Over the period 1982–2013 the share of mortgagors increased in all age groups, however the steepest increases are amongst middle-aged Australians approaching retirement. Between 1996 and 2013 the proportion of the 55–64 cohort still paying off their mortgage climbed from under 20 per cent to 45 per cent.
Between 1987 and 2015, the growth in mortgage debt outstripped both house price and income growth among older mortgagors. In this period, mortgage debt increased by 600 per cent (from $27,000 to over $185,000) and house prices tripled, while income growth doubled.
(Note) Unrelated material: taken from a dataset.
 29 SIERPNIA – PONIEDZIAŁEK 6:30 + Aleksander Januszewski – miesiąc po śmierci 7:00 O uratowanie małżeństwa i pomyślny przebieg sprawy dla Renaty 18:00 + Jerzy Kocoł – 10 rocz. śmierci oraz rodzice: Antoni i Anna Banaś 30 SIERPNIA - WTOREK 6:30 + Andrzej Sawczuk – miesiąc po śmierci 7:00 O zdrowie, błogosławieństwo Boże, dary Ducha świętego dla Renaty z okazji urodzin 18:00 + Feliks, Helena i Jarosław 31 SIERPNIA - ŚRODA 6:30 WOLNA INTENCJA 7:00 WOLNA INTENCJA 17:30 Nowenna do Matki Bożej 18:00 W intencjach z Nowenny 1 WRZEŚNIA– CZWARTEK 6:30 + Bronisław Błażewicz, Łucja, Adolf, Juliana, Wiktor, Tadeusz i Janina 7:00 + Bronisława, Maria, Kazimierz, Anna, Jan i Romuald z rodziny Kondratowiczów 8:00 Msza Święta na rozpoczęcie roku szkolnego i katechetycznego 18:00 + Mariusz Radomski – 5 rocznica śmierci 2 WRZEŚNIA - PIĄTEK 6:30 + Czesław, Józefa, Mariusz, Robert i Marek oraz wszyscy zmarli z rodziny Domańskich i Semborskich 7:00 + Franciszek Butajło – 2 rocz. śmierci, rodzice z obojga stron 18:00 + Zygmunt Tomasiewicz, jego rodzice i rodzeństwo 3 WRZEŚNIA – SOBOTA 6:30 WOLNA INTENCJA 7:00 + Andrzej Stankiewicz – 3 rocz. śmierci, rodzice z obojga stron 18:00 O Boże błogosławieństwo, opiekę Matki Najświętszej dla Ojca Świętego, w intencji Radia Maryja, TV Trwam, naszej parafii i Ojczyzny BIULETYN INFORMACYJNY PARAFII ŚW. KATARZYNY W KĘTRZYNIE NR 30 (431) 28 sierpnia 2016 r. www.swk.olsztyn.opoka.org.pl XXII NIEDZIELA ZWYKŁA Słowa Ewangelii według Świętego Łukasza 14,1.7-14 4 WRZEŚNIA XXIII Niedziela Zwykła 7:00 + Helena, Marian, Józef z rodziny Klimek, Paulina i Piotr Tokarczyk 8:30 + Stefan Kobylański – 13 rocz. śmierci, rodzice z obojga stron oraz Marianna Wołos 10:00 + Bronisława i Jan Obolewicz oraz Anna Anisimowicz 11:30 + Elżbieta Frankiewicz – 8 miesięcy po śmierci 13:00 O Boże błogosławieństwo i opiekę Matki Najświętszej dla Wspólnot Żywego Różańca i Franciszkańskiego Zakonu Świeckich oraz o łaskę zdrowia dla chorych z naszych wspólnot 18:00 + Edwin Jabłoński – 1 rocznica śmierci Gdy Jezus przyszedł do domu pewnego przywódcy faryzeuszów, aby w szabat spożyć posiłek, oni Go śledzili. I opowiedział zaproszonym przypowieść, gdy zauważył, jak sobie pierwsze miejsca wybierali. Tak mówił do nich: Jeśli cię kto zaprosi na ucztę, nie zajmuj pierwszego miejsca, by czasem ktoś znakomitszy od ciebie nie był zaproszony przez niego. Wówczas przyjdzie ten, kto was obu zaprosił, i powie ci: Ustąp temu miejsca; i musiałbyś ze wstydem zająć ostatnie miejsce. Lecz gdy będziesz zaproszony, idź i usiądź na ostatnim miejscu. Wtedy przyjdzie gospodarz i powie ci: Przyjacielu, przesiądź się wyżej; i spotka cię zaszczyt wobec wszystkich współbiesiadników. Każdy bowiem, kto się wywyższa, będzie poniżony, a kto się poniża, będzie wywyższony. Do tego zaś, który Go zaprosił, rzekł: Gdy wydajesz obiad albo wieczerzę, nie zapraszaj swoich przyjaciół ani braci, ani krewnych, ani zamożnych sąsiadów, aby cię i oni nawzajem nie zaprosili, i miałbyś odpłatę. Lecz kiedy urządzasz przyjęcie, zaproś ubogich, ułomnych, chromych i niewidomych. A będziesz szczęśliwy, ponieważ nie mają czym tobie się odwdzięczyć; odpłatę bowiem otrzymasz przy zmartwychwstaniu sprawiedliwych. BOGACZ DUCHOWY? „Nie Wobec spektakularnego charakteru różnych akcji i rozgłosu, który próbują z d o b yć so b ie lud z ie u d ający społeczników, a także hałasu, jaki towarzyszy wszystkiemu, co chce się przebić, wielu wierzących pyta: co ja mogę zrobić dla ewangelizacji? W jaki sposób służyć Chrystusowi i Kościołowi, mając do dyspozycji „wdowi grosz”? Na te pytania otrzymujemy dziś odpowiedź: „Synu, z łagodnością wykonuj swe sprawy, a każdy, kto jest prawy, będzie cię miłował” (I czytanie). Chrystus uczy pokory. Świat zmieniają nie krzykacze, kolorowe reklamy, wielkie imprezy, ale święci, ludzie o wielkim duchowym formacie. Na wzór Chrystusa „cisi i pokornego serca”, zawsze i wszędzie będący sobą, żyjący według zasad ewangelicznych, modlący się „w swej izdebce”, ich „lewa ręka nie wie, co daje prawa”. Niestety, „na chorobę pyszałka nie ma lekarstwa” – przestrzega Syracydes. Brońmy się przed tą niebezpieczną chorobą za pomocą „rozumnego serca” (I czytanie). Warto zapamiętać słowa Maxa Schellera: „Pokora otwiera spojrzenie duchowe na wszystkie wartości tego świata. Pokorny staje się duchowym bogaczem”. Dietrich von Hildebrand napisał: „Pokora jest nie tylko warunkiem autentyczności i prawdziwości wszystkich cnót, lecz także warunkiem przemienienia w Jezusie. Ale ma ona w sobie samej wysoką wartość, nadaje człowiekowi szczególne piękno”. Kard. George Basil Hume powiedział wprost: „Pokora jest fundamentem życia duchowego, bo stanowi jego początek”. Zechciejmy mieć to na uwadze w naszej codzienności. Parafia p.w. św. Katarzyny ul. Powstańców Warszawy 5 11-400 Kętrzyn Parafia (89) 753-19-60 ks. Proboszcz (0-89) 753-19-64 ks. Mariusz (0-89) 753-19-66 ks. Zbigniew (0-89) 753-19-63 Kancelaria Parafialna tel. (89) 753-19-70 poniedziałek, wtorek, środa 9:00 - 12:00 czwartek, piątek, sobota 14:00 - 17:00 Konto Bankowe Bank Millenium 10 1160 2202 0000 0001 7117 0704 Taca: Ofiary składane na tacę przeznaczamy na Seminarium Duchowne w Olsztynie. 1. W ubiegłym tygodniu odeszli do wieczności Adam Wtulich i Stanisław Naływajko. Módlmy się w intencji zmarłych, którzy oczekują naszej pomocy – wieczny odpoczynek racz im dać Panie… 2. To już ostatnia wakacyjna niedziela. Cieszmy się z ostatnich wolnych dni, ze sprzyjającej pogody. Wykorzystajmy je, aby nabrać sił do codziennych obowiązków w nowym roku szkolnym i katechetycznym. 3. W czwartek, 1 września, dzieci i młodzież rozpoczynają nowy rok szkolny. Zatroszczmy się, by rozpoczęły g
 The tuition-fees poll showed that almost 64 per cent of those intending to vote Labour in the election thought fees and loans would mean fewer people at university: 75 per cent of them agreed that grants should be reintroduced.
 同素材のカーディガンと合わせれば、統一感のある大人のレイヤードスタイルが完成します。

When older mortgagors experience difficulty in meeting mortgage payments, wellbeing declines: the SF-36 (a short-form survey on health and wellbeing) mental health scores for older men are reduced by around 2 points and 3.7 points for women. These effects are comparable to those resulting from long-term health conditions; hence the rising trend in mortgage indebtedness in Australia will have negative impacts on the wellbeing of an increasing percentage of the population.
The policy implications are significant since the presence of repayment risk appears to prompt older mortgagors to draw down on their superannuation wealth to pay off mortgage debt rather than meet spending needs in retirement, leading to a growing pressure on the age pension system.